Сатрапия Персида, область Габиена, 15 марта 316 года до н. э.
Чуть меньше двух тысяч аргираспидов выстроены на центральной площади лагеря в один длинный прямоугольник. Я еду вдоль строя, и Аттила зло косится на крепких бородатых мужиков, поедающих меня глазами.
Всё, что они думают обо мне, я читаю на их лицах, и общий смысл укладывается в одну некомплиментарную для меня фразу: «Мальчишка совсем зелёный, не потянуть ему!»
Моему телу сейчас семнадцать лет, и для своего возраста я выгляжу крепким развитым парнем. Высоким, с накачанной мускулатурой и волевым выражением лица. Последнее, хвала небесам, досталось мне в наследство, а от себя могу добавить к этому набору большой жизненный опыт, умение руководить людьми да общие знания, что ещё хранятся в моей памяти.
Невысокая оценка моей персоны македонскими ветеранами ожидаема, и опыт прожитых лет подсказывает мне, что во многом эти бородатые ветераны правы — могу не потянуть! Психологически, этически, морально и ещё бог знает как! Тяжкий груз полнейшего расхождения моих устоявшихся принципов с тем, с чем приходится сталкиваться каждый проведённый здесь день, давит подспудной ношей.
Вот сейчас я еду вдоль строя, смотрю на лица людей, а передо мной уже вновь вырастает этически неподъёмная проблема.
Все эти воины, что стоят передо мной, — преступники! По всем законам: по человеческим и божьим! Они предали своего командира, подняли на него руку, нарушили клятву, данную богам! За это наказание только одно — смертная казнь! И это решение должен принять я!
«Хотел быть царём! — саркастически издеваюсь над самим собой. — Так хлебай дерьмо полной ложкой! Царь — это не только мягкие перины и паштет из соловьиных языков, царь — это судья и прокурор в одном лице! Тяжела шапка Мономаха!»
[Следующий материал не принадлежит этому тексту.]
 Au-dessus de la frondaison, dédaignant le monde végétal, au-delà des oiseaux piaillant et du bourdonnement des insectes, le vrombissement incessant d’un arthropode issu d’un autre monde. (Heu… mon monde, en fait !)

Мой взгляд цепляется за бородатые хмурые лица, и я осознаю, что проблема не одна, а целых две. Во-первых, приговорить к смерти две тысячи человек — не муху прихлопнуть; а во-вторых, чтобы это была казнь, а не бойня, приговорённые ветераны должны принять от меня наказание и посчитать его справедливым!
Чтобы аргираспидам было легче смириться с неизбежным исходом, вся площадь уже окружена моими воинами. Как и задумывалось, они подтянулись, пока ветераны радовались спасению имущества и глазели на разборки с Антигеном и Тевтамом. Так что к моменту, когда затих вой трубы, на главной и самой широкой дороге лагеря уже выстроилась тетрархия катафрактов, а все другие улочки перекрыли плотные шеренги моих наёмников.
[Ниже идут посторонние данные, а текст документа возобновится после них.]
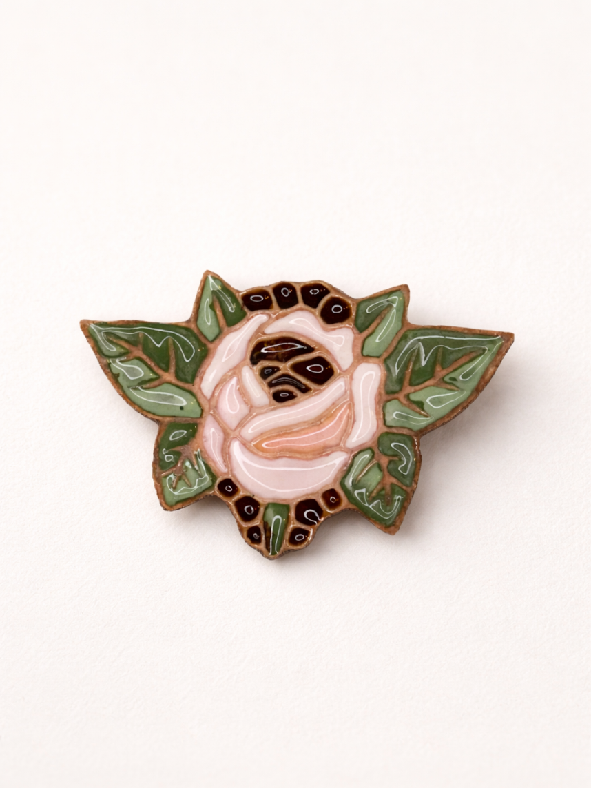 Брошь ручной работы «Фаберже роза», Partala ceramics

Огромные кони в белых попонах, закрытые шлемы гоплитов и опущенные для атаки копья сейчас убедительно показывают: мы растопчем любого, кто воспротивится царской власти! Я очень надеюсь, что до стычки дело не дойдет, но у моих воинов уже есть приказ в случае неповиновения похоронить любую попытку ветеранов пробиться к своим щитам и копьям.
Сигнал трубы застал аргираспидов врасплох, и они, повинуясь многолетней выучке, выстроились к смотру как были, в одних туниках и хитонах. У большинства при себе лишь ножны с коротким пехотным мечом, а это не самое грозное оружие аргираспидов. В первую очередь они славятся непревзойденным владением щитом и копьём.
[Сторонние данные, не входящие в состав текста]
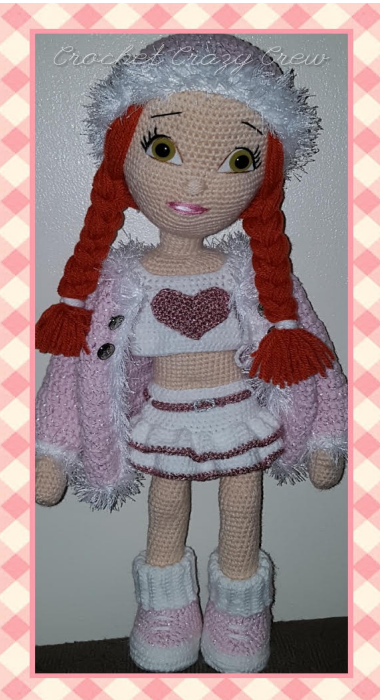 This is our latest creation she is called 'Dennie The Doll' she is made up of basic stitches and rounds and stands at approximately 21" tall, the pattern includes the following:-

Перед глазами плывут лица суровых воинов, и я вдруг осознаю, что их подспудное сомнение «не потянет» в данной ситуации приобретает двойной смысл.
«Не хватит духу на казнь или не хватит авторитета, чтобы командовать этими ветеранами? — с мрачной иронией задаю я себе вопрос, и ответ приходит сам собой. — Одно вытекает из другого! Спущу одно вопиющее преступление — и авторитета уже не завоевать никогда! Смогу совершить правосудие — и тогда уже никто не упрекнет меня юным возрастом!»
Под жестким давлением логики и обстоятельств защита моей воспитанной духом гуманизма натуры начала давать сбои. Я чувствую это уже по тому, что мой взгляд непроизвольно начинает искать подходящую кандидатуру для психологического воздействия.
Мне надо, чтобы стоящие передо мной воины приняли мое право судить и добровольно согласились с вынесенным приговором. Убедить человека пойти на смерть, даже если он в полной мере осознает свою вину, — дело почти безнадежное! Понимание этого заставляет меня не торопиться.
Я уже проехал почти половину строя. В воздухе практически осязаемо висит тяжелая, гнетущая тишина, нарушаемая лишь храпом Аттилы и цоканьем его копыт. Это накалившееся до предела напряжение вдруг обрывается выкриком откуда-то из задних рядов:
— Так что, где наше добро и остальные жены⁈
Вижу, что этот вопрос волнует ветеранов сейчас больше всего, и повышаю голос так, чтобы меня слышали все:
— Ваши жены в безопасности, а деньги и прочее добро — в полной сохранности!
Гул радостного одобрения встречает мои слова, но я тут же порчу им прилив оптимизма.
— Но прежде чем вы получите обратно жен и детей своих, нам с вами надо решить один очень важный вопрос!
В этот момент я вижу того, кого искал. Это воин с седой шевелюрой и грустным пониманием в глазах. Два серебряных браслета на его правой руке говорят мне, что это как минимум синтагматарх (командир синтагмы — отряда в 256 воинов).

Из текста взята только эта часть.